Using two secretly recorded voice recordings of internal phone calls between different company managers based out of the otherwise innocuous unmarked rented office, the whistleblowers alleged that their fellow employees were aware that the office is being used to coordinate e-cigarette and e-liquid shipments to other regional jurisdictions where, like Singapore, vaping is banned. That includes Thailand, Laos, and Cambodia. The allegations go even further by describing how the Singapore office has also been involved in illegally importing vaping products from Malaysia into Singapore, and implied that bribes have been offered in the past for “difficult markets or markets with heavy and strict regulations”, such as Australia and New Zealand.
Finally, the long-running scandal which blew up on August 15, in which Chinese nationals were using Singapore as a base to employ the country’s secretive banking laws to hide massive money-laundering has seen little new development since the initial arrests of 10 suspects and impounding of billions in monies and luxury assets. Singapore police authorities disclosed on January 19 that another 55 properties and 15 vehicles have been seized alongside over 200 luxury goods, bringing the total value of assets involved to more than S$3 billion (US$2.22 billion).
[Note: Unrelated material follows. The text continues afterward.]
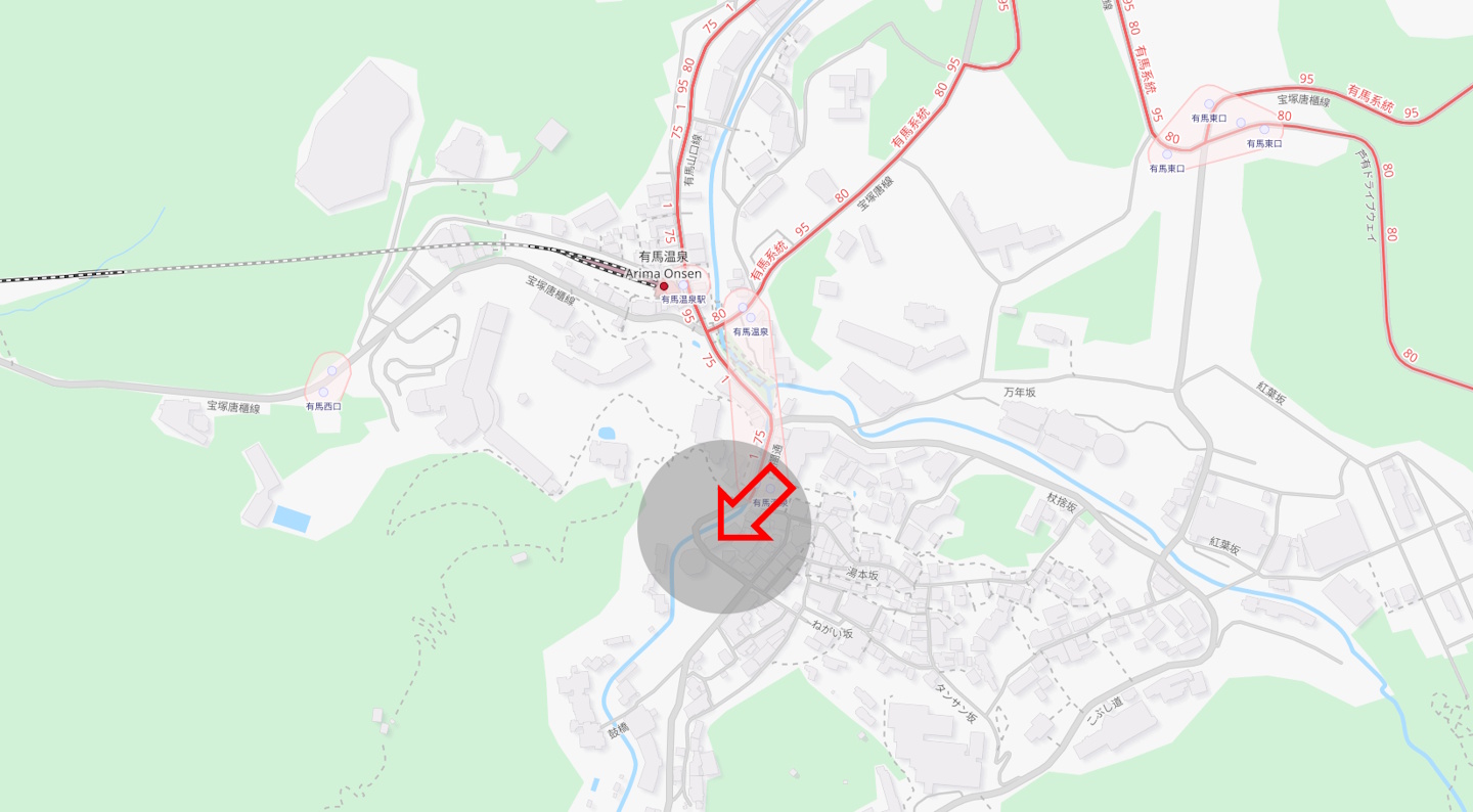 Das (der?) Tosen Goshobo Ryokan liegt inmitten der Ortschaft Arima Onsen, einem Teil der verwaltungstechnisch zu Kobe gehörenden, aus mehreren Dörfern bestehenden Gemeinde Arimacho, mehr oder weniger direkt neben dem Busbahnhof und nur wenige 100m vom Bahnhof des Dorfes entfernt. Da die halbstündlich von Kobe aus verkehrenden Busse bei ihrem Stop am Bahnhof Shin-Kobe (an dem wir angekommen waren) in aller Regel bereits gut gefüllt sind (insbesondere mit größerem Gepäck kann das ein Problem sein, da der Platz im Kofferraum des Busses begrenzt ist), haben wir uns für die etwas kompliziert erscheinende Anreise mit der Bahn entschieden. Hierbei muss vom Bahnhof Shin-Kobe zunächst mit der U-Bahn der Hokoshun Line zur Station Tanigami gefahren und dort in die Regionalzüge der Kobe Dentetsu-Arima Line umgestiegen werden. Diese fahren Arima Onsen jedoch überwiegend nicht direkt an, so dass in Arimagucho noch einmal auf einen separaten Zug für die Stichstrecke nach Arima Onsen umgestiegen werden muss. Was sich zunächst nach erheblichem Aufwand anhört ist jedoch aufgrund der perfekt abgestimmten Fahrpläne und der legendären Zuverlässigkeit der japanischen Bahnen überhaupt kein Problem und zum Preis von 720 JPY (ca. 4,20 EUR) auch nicht teuer.

Two new arrest warrants and Interpol Red Notices have also been issued against suspects who fled shortly before arrests began in August 2023. On February 8, one of the 10 was slapped with two fresh charges of forgery. Su Jianfeng is accused of having used several sets of forged annual reports of a China-based company belonging to Chen Qiuyan, another suspect still at large, to present as evidence of legitimate wealth to two Singaporean banks. Su also claimed when arrested in August 2023 that he was the CEO of an active Singapore-incorporated company called An Xing Technology, yet couldn’t name the company office’s location. Singapore is learning to its sorrow that there is peril as well as profit in turning a blind eye to these activities.